▶ Data excerpt
※ ※ ※

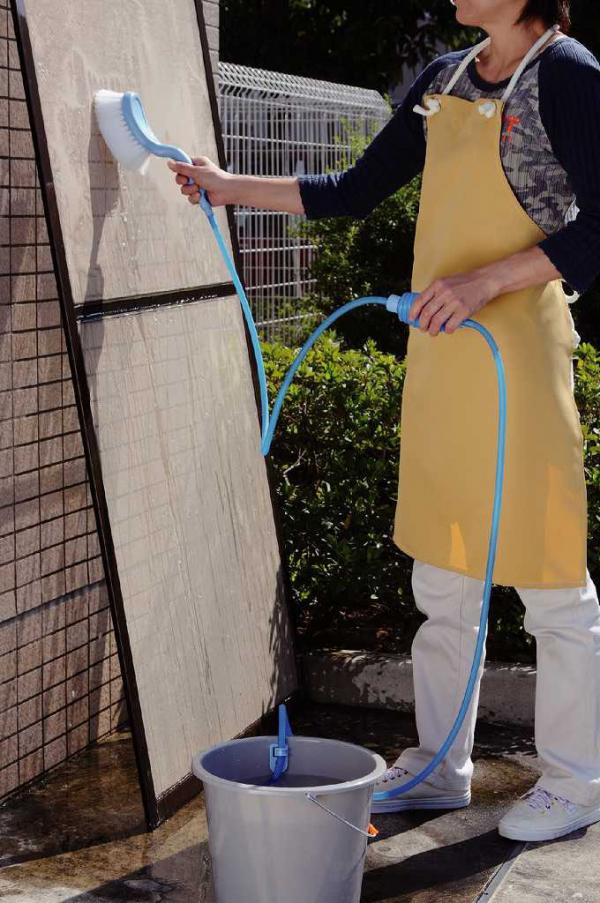水を入れたバケツがあるだけで洗浄できるブラシです。
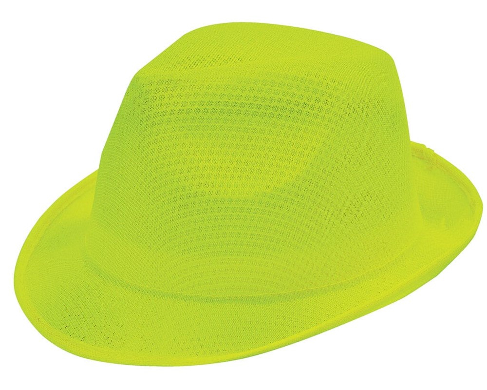 The standard adult circumference of this Fedora hat is 58 cm. You can select this promotional item in several vibrant colors, including Navy, White, Black, Red, Orange, Yellow, Green, and Pink.
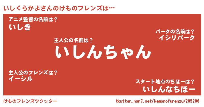 | 意味不明あだ名 | 『住所不定無職いしくらかよ(4歳)』 |
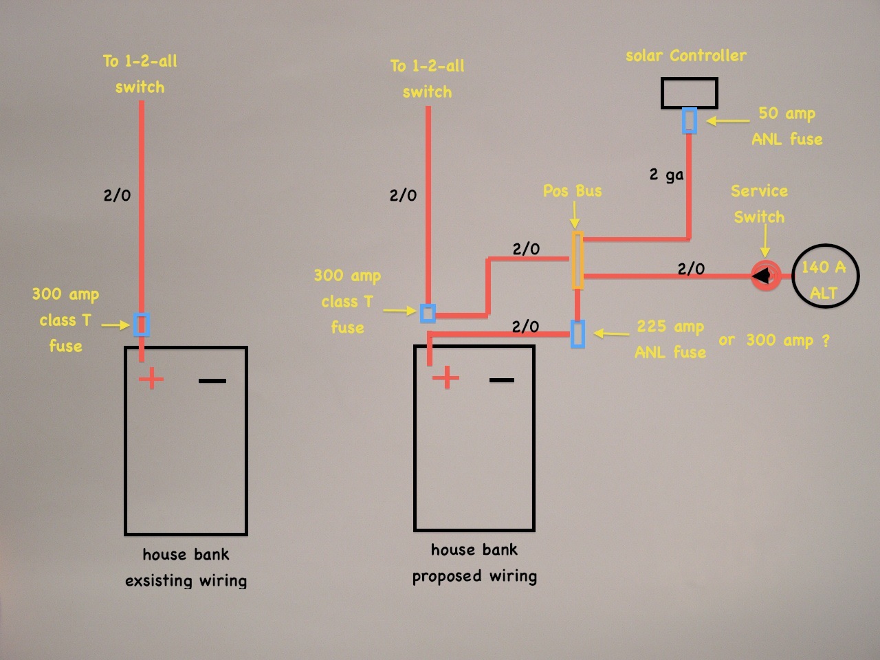 I am trying to avoid stacking too many lugs on one battery terminal. I am looking for assurance that what I am about to do is the right way to do it. Battery bank consist of 5 Lifelines GPL-31T. With the batteries hooked in parallel and the house bank feed fused with 300 amp Class T fuse. Starter bank has its own lead and 300 amp Class T fuse. Both run to the 1-2-all switch. I will be running 140 amp alternator to house bank and solar controller output to house bank as well. Problem is I don't have enough existing 2/0 cable from house feed to run to a new fused bus bar to avoid stacking more than two lugs on a battery terminal. My thinking is to take house feed from positive side of battery and connect to bus bar. Then run new 2/0 cable from positive battery terminal through a 225 or 300 amp fuse either ANL or a terminal fuse block from Blue Seas to bus bar. The terminal fuse block kinda defeats the purpose because now I am stacking more than two lugs on a terminal. So would this be the correct way to do this? Second question is do I go with a 250 amp bus bar or do I need to go with the 600 mega bus bar. All wiring meets ampacity ratings and voltage drop is below 1% drop except alt. run which will be close to 1.5%. I realize that this diagram is very basic. I just want to help clarify my intentions.

※ ※ ※

▶ Aim of the exercise
Repeat exactly the lines above, beginning at the one containing "The standard adult" and ending at the one containing "意味不明あだ名 | 『住所不定無職いしくらかよ(4歳)』 |". Do not carry over any pictures.

▶ Task answer
 The standard adult circumference of this Fedora hat is 58 cm. You can select this promotional item in several vibrant colors, including Navy, White, Black, Red, Orange, Yellow, Green, and Pink.
 | 意味不明あだ名 | 『住所不定無職いしくらかよ(4歳)』 |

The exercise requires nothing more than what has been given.